*HOW TO COMPLETE THIS TASK*:
Nothing but the lines from the first line of the entries through the line with "(18分)如图所示,在光滑的" should appear in the answer, transcribed exactly and free of pictures.
+ + + +
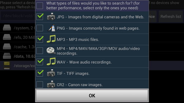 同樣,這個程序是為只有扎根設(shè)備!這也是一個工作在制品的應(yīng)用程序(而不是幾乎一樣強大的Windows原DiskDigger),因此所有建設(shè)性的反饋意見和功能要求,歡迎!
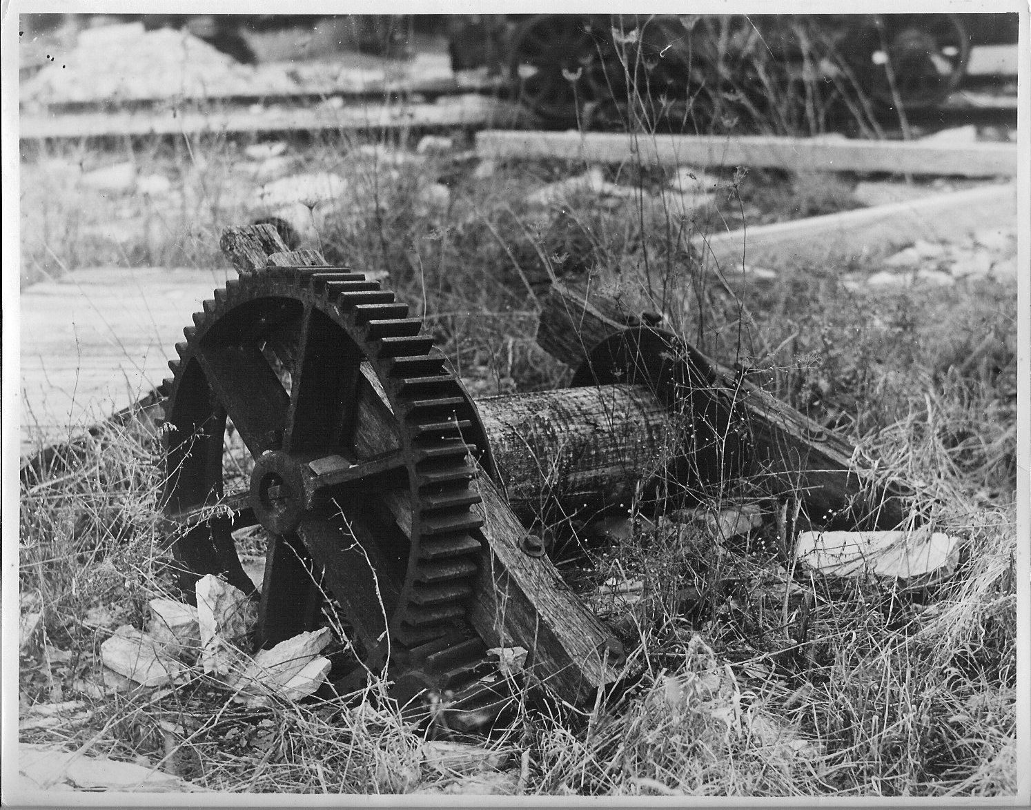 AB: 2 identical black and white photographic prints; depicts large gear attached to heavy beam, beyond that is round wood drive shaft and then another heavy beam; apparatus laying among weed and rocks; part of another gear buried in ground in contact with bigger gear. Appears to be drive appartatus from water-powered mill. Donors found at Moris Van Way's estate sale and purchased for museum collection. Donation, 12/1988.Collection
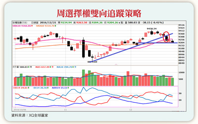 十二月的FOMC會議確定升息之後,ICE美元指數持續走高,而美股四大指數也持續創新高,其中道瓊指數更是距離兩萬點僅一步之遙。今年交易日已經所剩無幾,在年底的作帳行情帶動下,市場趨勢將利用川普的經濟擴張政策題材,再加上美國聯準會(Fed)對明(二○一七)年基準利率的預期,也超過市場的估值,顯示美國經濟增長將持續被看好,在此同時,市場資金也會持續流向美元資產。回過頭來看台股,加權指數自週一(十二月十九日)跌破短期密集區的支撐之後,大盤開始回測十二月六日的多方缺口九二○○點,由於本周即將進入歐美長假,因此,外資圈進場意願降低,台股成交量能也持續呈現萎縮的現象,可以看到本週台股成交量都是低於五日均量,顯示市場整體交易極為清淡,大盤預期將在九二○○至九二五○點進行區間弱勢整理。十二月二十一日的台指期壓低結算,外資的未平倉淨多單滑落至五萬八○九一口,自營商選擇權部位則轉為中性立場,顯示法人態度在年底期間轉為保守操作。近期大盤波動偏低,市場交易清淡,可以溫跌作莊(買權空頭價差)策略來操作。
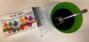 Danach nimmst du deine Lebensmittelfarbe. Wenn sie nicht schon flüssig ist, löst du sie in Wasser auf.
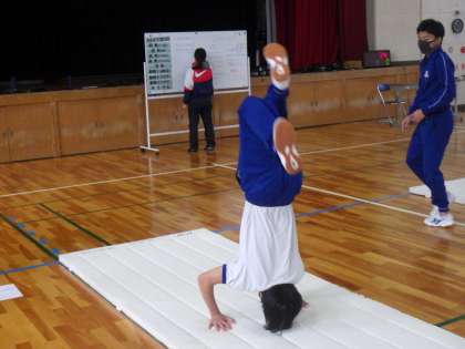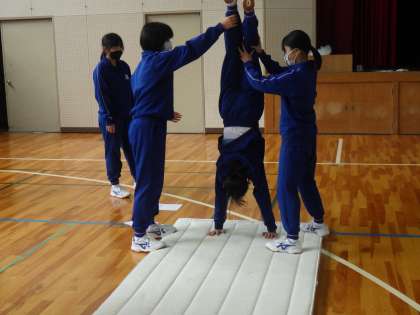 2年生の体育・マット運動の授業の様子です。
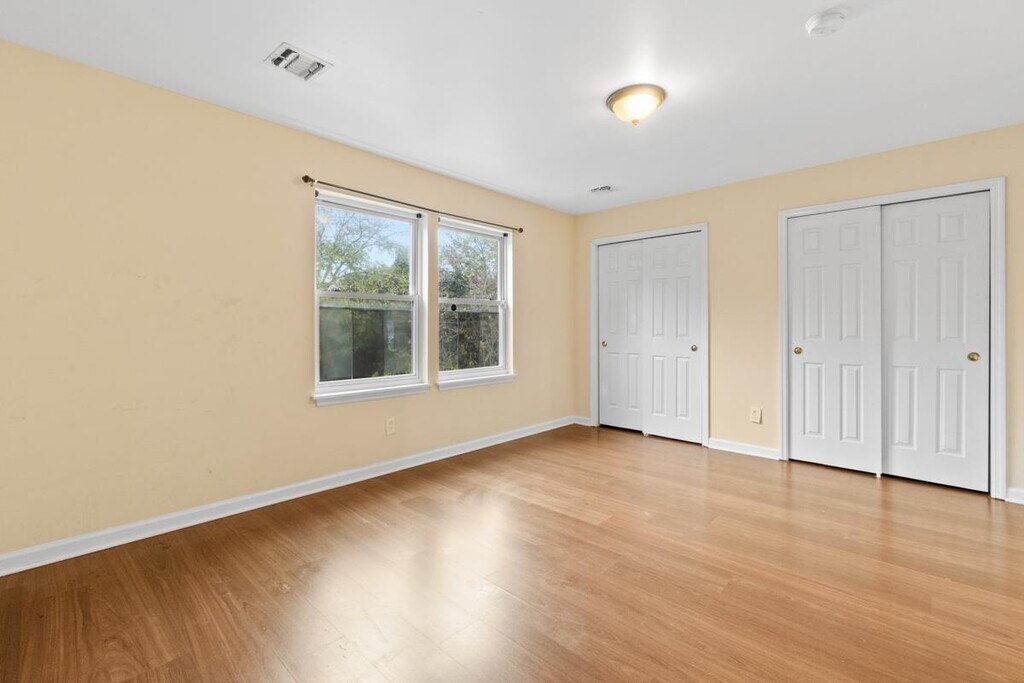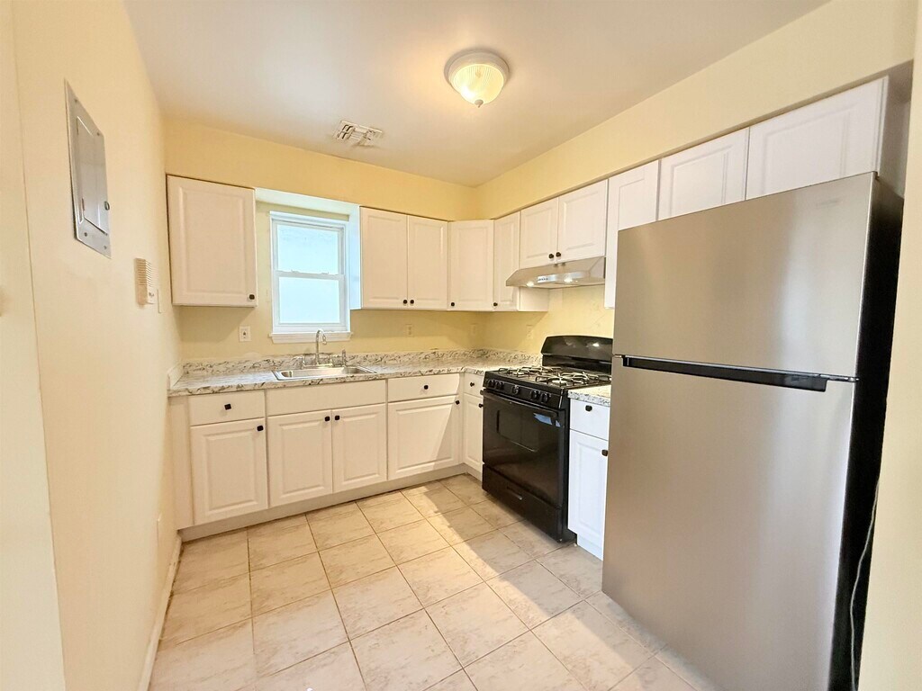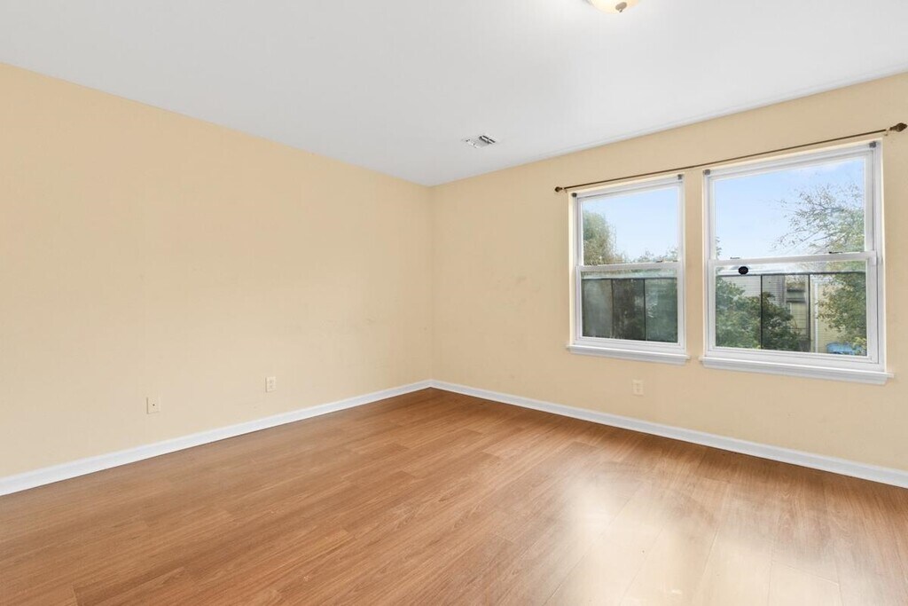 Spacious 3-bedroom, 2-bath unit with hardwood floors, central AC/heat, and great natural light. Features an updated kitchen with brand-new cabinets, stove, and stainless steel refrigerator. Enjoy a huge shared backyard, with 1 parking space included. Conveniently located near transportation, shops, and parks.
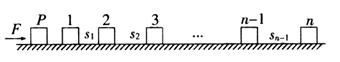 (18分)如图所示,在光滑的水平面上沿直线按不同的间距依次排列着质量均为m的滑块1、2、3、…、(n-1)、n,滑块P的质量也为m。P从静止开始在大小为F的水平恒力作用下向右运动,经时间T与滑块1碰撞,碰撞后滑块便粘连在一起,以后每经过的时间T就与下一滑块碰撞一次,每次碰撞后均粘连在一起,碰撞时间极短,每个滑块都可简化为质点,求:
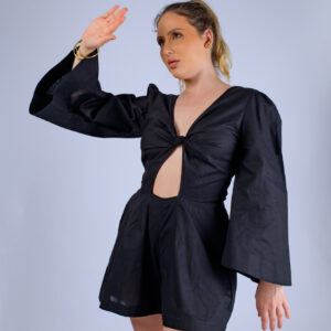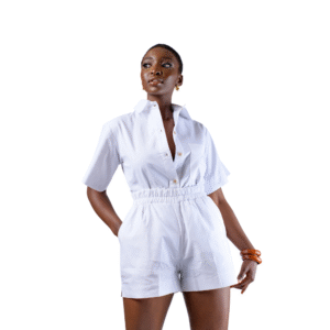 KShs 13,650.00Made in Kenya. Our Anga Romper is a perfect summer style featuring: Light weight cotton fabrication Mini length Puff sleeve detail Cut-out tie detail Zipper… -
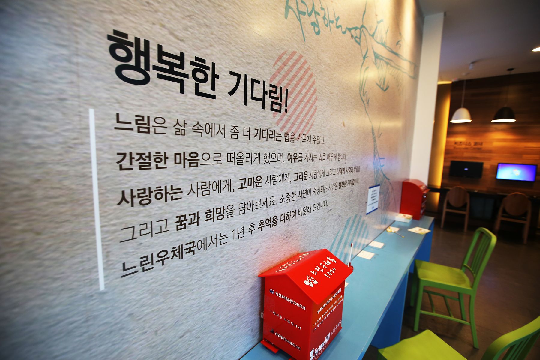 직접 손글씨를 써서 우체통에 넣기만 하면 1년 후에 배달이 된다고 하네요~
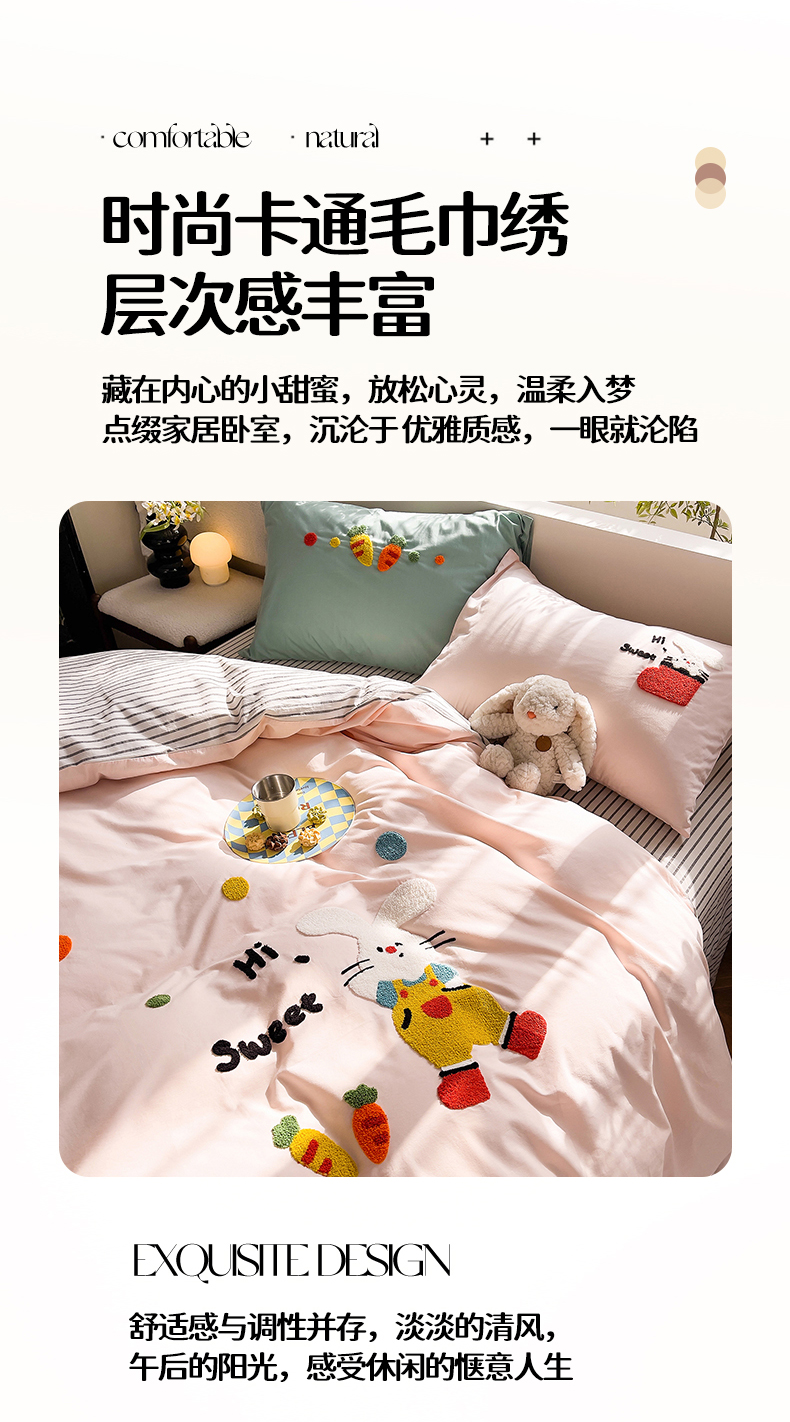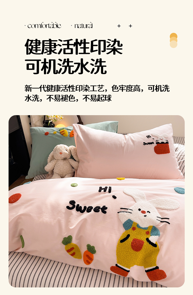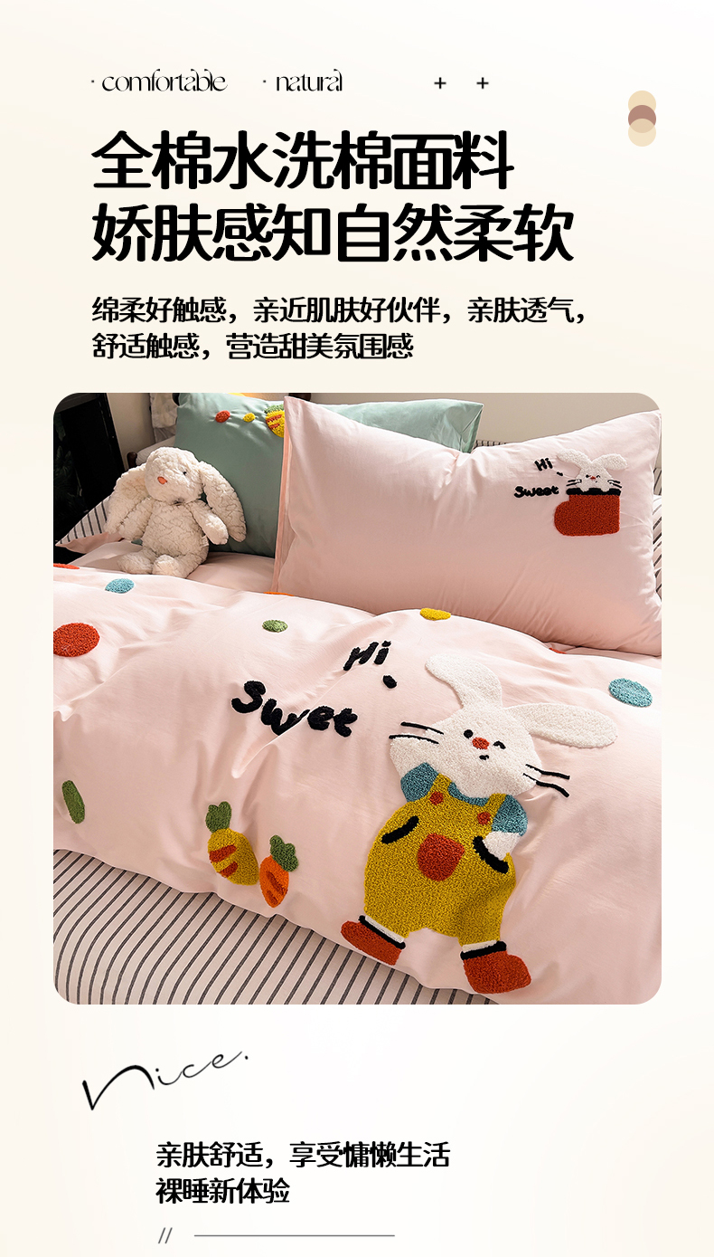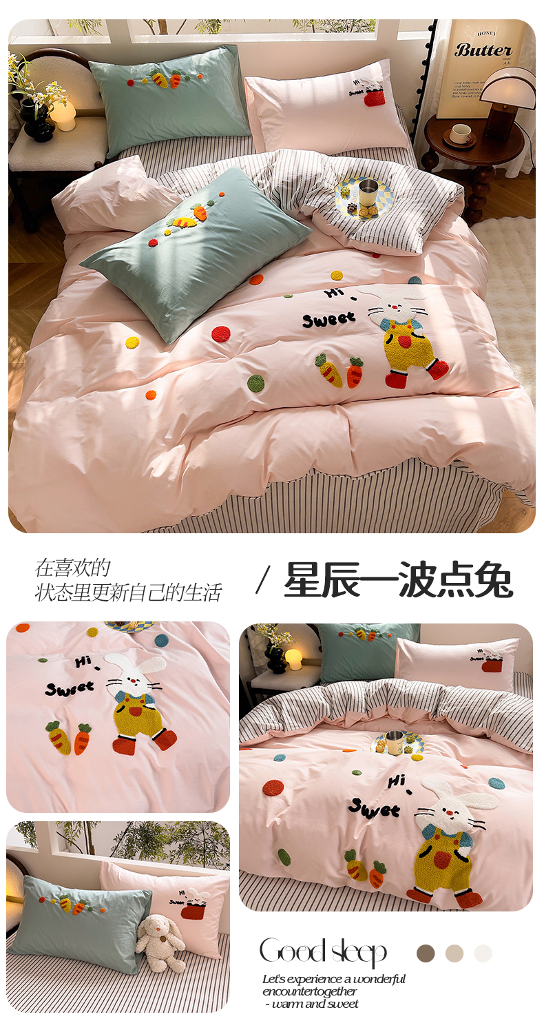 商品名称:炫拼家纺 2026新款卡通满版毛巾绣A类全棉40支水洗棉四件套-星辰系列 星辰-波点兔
+ + + +
*YOUR SOLUTION*:
 同樣,這個程序是為只有扎根設(shè)備!這也是一個工作在制品的應(yīng)用程序(而不是幾乎一樣強大的Windows原DiskDigger),因此所有建設(shè)性的反饋意見和功能要求,歡迎!
 AB: 2 identical black and white photographic prints; depicts large gear attached to heavy beam, beyond that is round wood drive shaft and then another heavy beam; apparatus laying among weed and rocks; part of another gear buried in ground in contact with bigger gear. Appears to be drive appartatus from water-powered mill. Donors found at Moris Van Way's estate sale and purchased for museum collection. Donation, 12/1988.Collection
 十二月的FOMC會議確定升息之後,ICE美元指數持續走高,而美股四大指數也持續創新高,其中道瓊指數更是距離兩萬點僅一步之遙。今年交易日已經所剩無幾,在年底的作帳行情帶動下,市場趨勢將利用川普的經濟擴張政策題材,再加上美國聯準會(Fed)對明(二○一七)年基準利率的預期,也超過市場的估值,顯示美國經濟增長將持續被看好,在此同時,市場資金也會持續流向美元資產。回過頭來看台股,加權指數自週一(十二月十九日)跌破短期密集區的支撐之後,大盤開始回測十二月六日的多方缺口九二○○點,由於本周即將進入歐美長假,因此,外資圈進場意願降低,台股成交量能也持續呈現萎縮的現象,可以看到本週台股成交量都是低於五日均量,顯示市場整體交易極為清淡,大盤預期將在九二○○至九二五○點進行區間弱勢整理。十二月二十一日的台指期壓低結算,外資的未平倉淨多單滑落至五萬八○九一口,自營商選擇權部位則轉為中性立場,顯示法人態度在年底期間轉為保守操作。近期大盤波動偏低,市場交易清淡,可以溫跌作莊(買權空頭價差)策略來操作。
 Danach nimmst du deine Lebensmittelfarbe. Wenn sie nicht schon flüssig ist, löst du sie in Wasser auf.
 2年生の体育・マット運動の授業の様子です。
 Spacious 3-bedroom, 2-bath unit with hardwood floors, central AC/heat, and great natural light. Features an updated kitchen with brand-new cabinets, stove, and stainless steel refrigerator. Enjoy a huge shared backyard, with 1 parking space included. Conveniently located near transportation, shops, and parks.
 (18分)如图所示,在光滑的水平面上沿直线按不同的间距依次排列着质量均为m的滑块1、2、3、…、(n-1)、n,滑块P的质量也为m。P从静止开始在大小为F的水平恒力作用下向右运动,经时间T与滑块1碰撞,碰撞后滑块便粘连在一起,以后每经过的时间T就与下一滑块碰撞一次,每次碰撞后均粘连在一起,碰撞时间极短,每个滑块都可简化为质点,求:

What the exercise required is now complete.